A arte de expandir sem perder a essência: A presença da Fundação Gentil no nordeste brasileiro
Expandir um projeto social de São Paulo para o Nordeste do Brasil não é apenas uma questão de logística ou de recursos financeiros. É um desafio de adaptação cultural, de construção de confiança em novos territórios e de capacidade de manter a qualidade do serviço prestado enquanto se opera em contextos radicalmente diferentes do original. Eloizo Gomes Afonso Duraes conduziu esse processo com uma competência que merece ser analisada em detalhe, porque oferece lições valiosas para qualquer organização social que deseja crescer de forma responsável.
Por que o nordeste
A decisão de expandir a Fundação Gentil Afonso Duraes para o Nordeste não foi aleatória. A região concentra alguns dos indicadores sociais mais desafiadores do país: altos índices de pobreza infantil, acesso precário à educação de qualidade, vulnerabilidade alimentar significativa e desigualdade estrutural profundamente enraizada em séculos de história econômica. Levar para lá um projeto de educação complementar, inclusão digital e assistência social era levar para onde a necessidade era mais aguda.
Eloizio Gomes Afonso Duraes sempre entendeu que a responsabilidade social de um empresário não se limita ao entorno de sua sede comercial. Quando o modelo da Fundação havia demonstrado resultados suficientemente sólidos no Jaguaré, expandir para outros contextos não foi uma ambição de escala, mas uma consequência lógica de uma convicção: de que o que havia funcionado em São Paulo poderia transformar vidas também em São Luís, em João Pessoa e em Recife.

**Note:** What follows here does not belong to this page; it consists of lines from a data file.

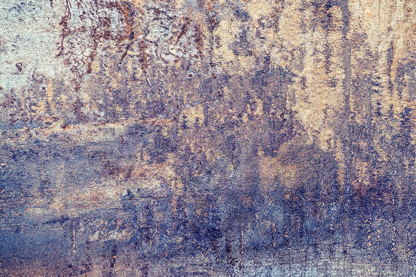 廃れた壁のテクスチャーの写真素材です。青みがかった色調に錆や汚れが付着し、経年劣化による凹凸と剥がれが見られます。ざらざらでボロボロな質感が特徴で、ホラー系デザインや廃墟表現、アンティーク風の背景素材として活用できます。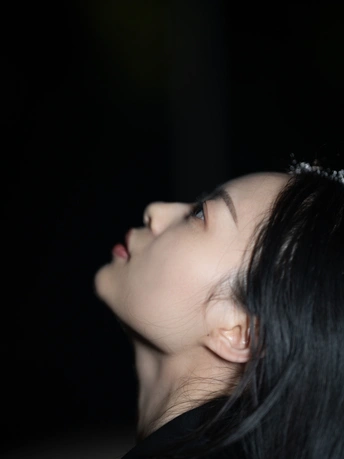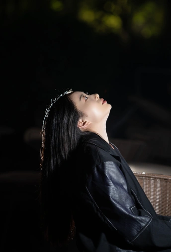 第一次见模特短时间内需要发现模特的闪光点,发现模特的侧脸,鼻子很有轮廓,头发也很顺。那么就抓住这几个点着重拍摄吧。
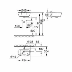 GROHE Bau Keramik Handwaschbecken 45 cm wandhängend mit 1 Hahnloch mit Überlauf 453 x 354 mm aus Sanitärkeramik alpinweiß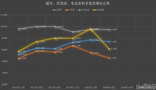 數據顯示,2018年1-6月份,限額以上零售業單位中的超市、專業店零售額同比分別增長7.4%、9.5%?;沮厔萜椒€,而超市方面則從去年一季度到今年一季度一整年呈現不斷上漲的態勢。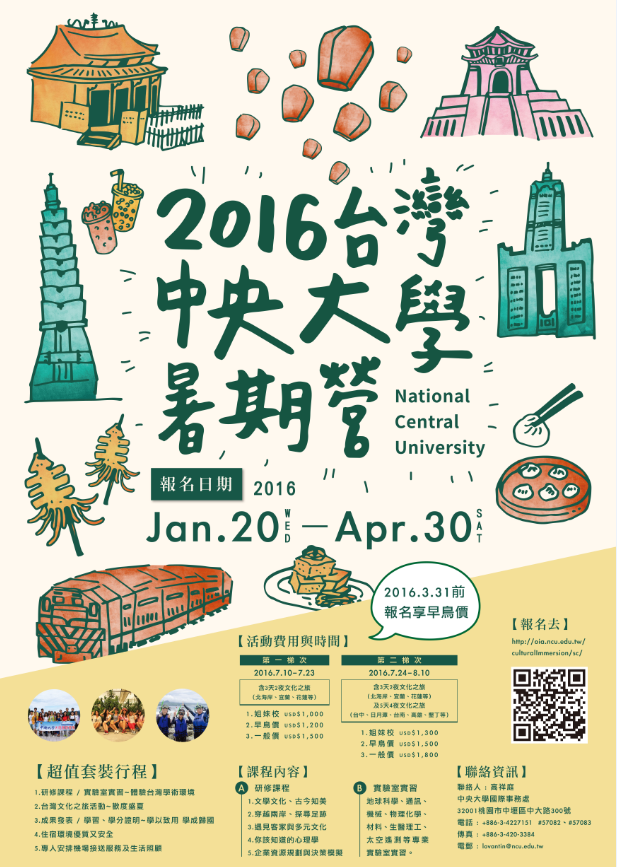 项目咨询:http://oia.ncu.edu.tw/culturalImmersion/sc/
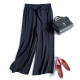 2017新品春夏真丝长裤100桑蚕丝加长系带大码休闲裤阔腿裤裙裤女
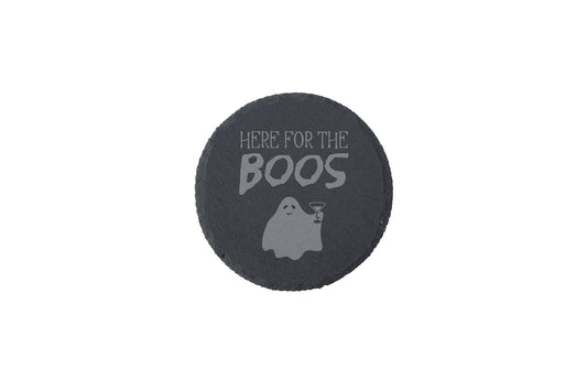 Set of 4 | Round Slate Halloween Coaster 'Here For The Boos'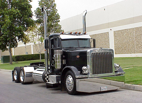 HARD WORK FINALLY PAYS OFF This month’s Readers And Their Rigs features owner operator Enrique Vanegas (34) of Moreno Valley and his restored 1988 Pete 379. Enrique is no stranger to hard work (he’s been trucking since he was 16), but to him restoring this old classic was not work, it was therapy. He purchased the truck as a frame and axles only from a friend who had “parted it out” for his fleet. Being a guy who loves to “search” for the right parts at the right price, Enrique found the cab, 425 Cat engine and 15-speed overdrive transmission at local wrecking yards in Southern California. The hood was purchased new from Peterbilt. The long and low truck has a 275” wheelbase and special air bags that lower the truck. Enrique also upgraded the stock front axle with a car hauler axle to help lower the rig. He also customized the suspension brackets to lower it even more. The bottom of the 23-inch boltless bumper sits just 3 inches off the ground. The sleek black truck also has Double JJ headlights, a 12-inch wide butterfly visor, 7” straight stacks, hand-made polished aluminum 1/4 fenders, 120” aluminum deck plate, chrome driveshafts and chrome spring brakes. The interior features customized door panels that are black with royal blue flames, a chrome dash, an 18-inch wood steering wheel, air seats that can go all the way to the floor, 23 toggle switches with blue jewels and 14 gauges with chrome bezels. After two years of hard work, perseverance, passion and dedication, Enrique’s dream became a reality. Enrique has been married for 15 years and has four children. His kids love to help him clean the truck. Enrique hauls corrugated boxes and rolls of paper for Crockett Container Corp. in Santa Fe Springs, California. We are proud to say that Enrique has enjoyed reading 10-4 Magazine, from cover to cover, each and every month for the last seven or eight years. |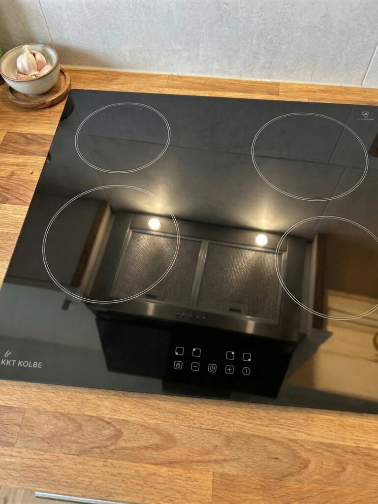 Im ersten Schritt des Praxistests wurde das Kochfeld eingebaut und angeschlossen. Mit einer Breite von 59 cm passt das Gerät in gängige Standardausschnitte und ließ sich entsprechend problemlos in die Küchenarbeitsplatte einsetzen. Das Kochfeld ist autark, wodurch keine Verbindung zu einem Backofen erforderlich ist. Der elektrische Anschluss wurde fachgerecht durch einen Elektriker durchgeführt, wobei die Inbetriebnahme ohne Komplikationen erfolgte.

A chegada a cada novo território
Em janeiro de 2005, a Fundação chegou a São Luís, no Maranhão. Não chegou com um manual pronto e a expectativa de replicar o modelo paulistano sem adaptações. Chegou com uma metodologia testada e disposição para aprender com as especificidades locais. Dois anos depois, em fevereiro de 2007, João Pessoa recebeu a Fundação. Em abril de 2010, foi a vez de Recife.
Cada nova localidade apresentou desafios próprios: diferentes dinâmicas comunitárias, diferentes relações com o poder público local, diferentes perfis de vulnerabilidade. Eloizo Gomes Afonso Duraes demonstrou, nesse processo, uma qualidade que nem todo líder possui: a humildade para reconhecer que saber o que funciona em um contexto não significa saber automaticamente o que funcionará em outro, e a disposição de aprender antes de agir.
Presença que se consolida
O indicador mais confiável de que a expansão foi bem conduzida é a consolidação da presença da Fundação nos estados nordestinos ao longo dos anos. Iniciativas que chegam sem raízes genuínas nas comunidades locais tendem a desaparecer quando o entusiasmo inicial se dissipa ou quando as dificuldades se acumulam. A permanência da Fundação Gentil no Nordeste ao longo de duas décadas é evidência de que sua presença foi construída sobre alicerces reais: confiança das famílias atendidas, parcerias locais sólidas e impacto verificável nas comunidades.
Para Eloizio Gomes Afonso Duraes, essa consolidação é mais do que um resultado institucional. É a confirmação de que investir nas pessoas certas, com o suporte certo e a paciência necessária para esperar pelos resultados de longo prazo, é sempre a estratégia correta, independentemente de onde no Brasil esse investimento é feito.